Every game is a playoff game for Houston County, Northside
His team’s win over Macon County was less than 10 minutes old, and it was a solid win.
Then Northside head coach Kevin Kinsler started moving ahead.
“Now,” he said after the 45-6 win, “we’re fixin’ to go into that meat grinder.”
That would be GHSA Region 1-6A, of which the College Football Playoff race might take a backseat to.
It features Nos. 1, 2, 4 and 6 in the latest Georgia Sports Writers Association poll. A fifth team was ranked for the first few weeks of the season, Coffee.
Among all teams in the state, Maxpreps ranks Valdosta No. 4, Northside No. 6, Lee County No. 15 and Houston County No. 20. Coffee is No. 28.
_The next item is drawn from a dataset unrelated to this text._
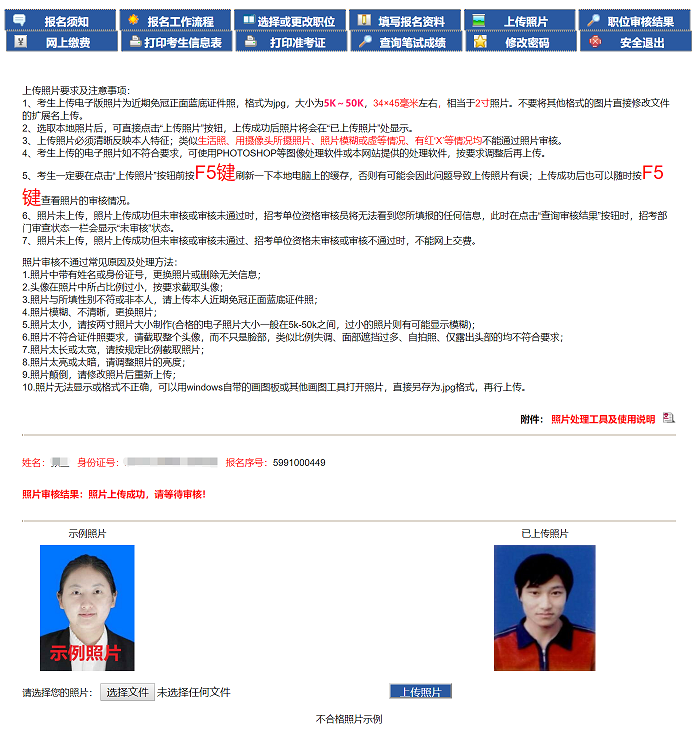 4、點(diǎn)擊‘上傳照片’按鈕,顯示‘已上傳照片,未審核,請等待審核!’如圖4-4,查看照片是否通過,可在圖4-4的頁面進(jìn)行查看??忌牲c(diǎn)擊“不合格照片示例”按鈕查看不符合要求的照片(僅做示例)。

The region is interesting in a variety of ways, from the tradition of Northside and Valdosta to the program turnarounds at Houston County and Lee County and a lifetime wing-T head coach at Coffee suddenly running the spread.
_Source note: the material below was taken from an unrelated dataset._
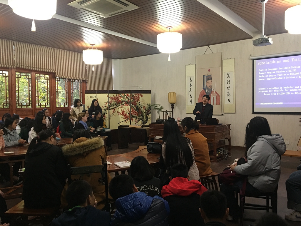 随后,宋红专教授给来自各个学院近五十位同学在阳明学堂进行了一次内容丰富的生动演讲。宋教授主要介绍并推广了我校与拿撒勒大学的三个合作项目,分别是暑期文化体验项目(SAFE),英语强化体验项目(ILEAP学期或学年项目)和硕士项目(TESOL,学前教育和经济管理)。同学们听得非常认真,并积极向宋教授提问,问题包括拿撒勒大学的生活环境、饮食起居、业余生活等问题。宋老师也耐心详尽的回答了同学们的提问。本次讲座气氛热烈,互动频繁,宾主尽欢。阳明学堂济济一堂,数名同学没有位置也坚持站着听完了近一个小时的讲座,当场就有一位英语专业的同学报名参加了暑期项目,达到了很好的效果。讲座结束后,在我校老师和同学们的欢送下,宋教授一行圆满结束了对我校的这次访问。

The region has a Middle Georgia influence outside of Houston County and Northside.
Lee County head coach Dean Fabrizio and offensive line coach Nathan Clark were assistants at Peach County. Warner Robins head coach Mike Chastain was the offensive coordinator for three seasons under Fabrizio.
Valdosta head coach Alan Rodemaker had the same job at Peach County for the 1999-2000 seasons, going 15-8.
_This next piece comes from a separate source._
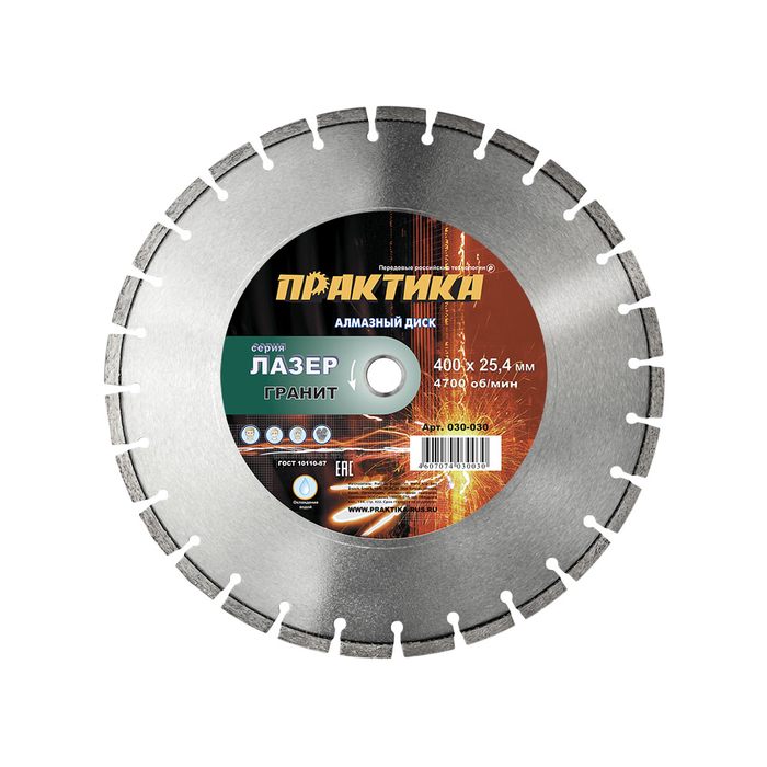 Диск алмазный сегментный ПРАКТИКА "Лазер-20-Гранит" 400 х 25,4 мм, сегмент 10мм (030-030) - цена, фото, технические характеристики

Robby Pruitt is in his fifth season at Coffee, which followed eight straight seasons at Fitzgerald, all with at least 10 wins, which followed a 6-4 season as head coach at Warner Robins in 2003, which followed three additional seasons at Fitzgerald.
Pruitt is the dean of the region’s head coaches with a 160-41-1 record in Georgia, having moved here after induction into the Florida High School Hall of Fame in 2000, at the age of 38, with a 156-28 record at two high schools.
He left Florida with seven state championships at those two schools.
His region colleagues are veterans, but have an average of only five years — including this one — as head coaches.
On the other hand, they all win.
Kinsler is about the same age as Pruitt, but is in only his seventh season as a head coach. His Eagles have won 90.4 percent of the time in that span.
Fabrizio is 49-31 in his eighth season, having taken over an 0-10 team just three seasons removed from going 10-2. And that broke a streak of five straight losing seasons.
Fabrizio’s first season was his only losing season.
Lassiter is the young one, with a 34-9 record in his fourth season as a head coach, rejuvenating a program. And he has yet to crack 40 years old.
Rodemaker is in only his third season as a head coach, but he was the Wildcats’ defensive coordinator for six seasons and part of a 49-20 run with top-notch defenses.
His boss during that time? Former Peach County head coach Rance Gillespie.
That followed a year as an assistant at Byrnes in South Carolina, marking his return to football after several years in the business world.
The region is fairly old-school, some of the four- and five-star recruits — like Houston County quarterback Jake Fromm and Lee County defensive lineman Aubrey Solomon — notwithstanding. And there really isn’t an overflow of them, giving a blue-collar feel to all five teams.
Northside, Valdosta and Lee County are defense-oriented and run first, while Houston County and Coffee put the ball in the air more. That will lead to some serious battles of Xs and Os, as well as matchups.
Like Friday night’s tussle in Leesburg with Houston County and Lee County, pitting the irresistible force of Fromm and the immovable object that Solomon is.
The Bears are likely without center D.J. Journey (knee) and will man that position by committee, meaning four-star tackle Trey Hill may get some center snaps and get matched up with Solomon.
That would match a 6-foot-4, 320-pound junior against a 6-2, 305-pound senior.
“He moves pretty good,” Hill said of Solomon, who has five sacks and nine quarterback hurries. “Like a linebacker.”
Houston County guard Malcolm Lawson said the Bears’ 28-24 scare at Spalding might have come at the right time, especially for his unit.
“They’re aggressive, they (come) to the ball … as hard as they can,” said Lawson of Lee County. “If we don’t step up to the plate this game, we’re pretty much not going to win.”
The Northside-Valdosta game pits two similar teams, so what happens up front there is typically vital. That, and the one key stumble.
“It’s going to come down to if somebody blinks,” Kinsler said. “Or the mistakes that can kill you in a big game.”
And every week is legitimately big-game week in this region, with a quality team sitting home after the 10th game.
“That’s the thing nobody wants to talk about,” Lassiter said. “There is going to be a fifth-place team that is a really good football team that’s gonna go to the house.”
That the region is small led to some interesting non-region games, but that’s a positive.
“If we had to play this kind of a physical schedule for seven games, you kinda worry about where you’ll be at the end, if you’ve got enough for a playoff run with all the physicality of it,” Kinsler said. “It’s just who’s going to be standing at the end.”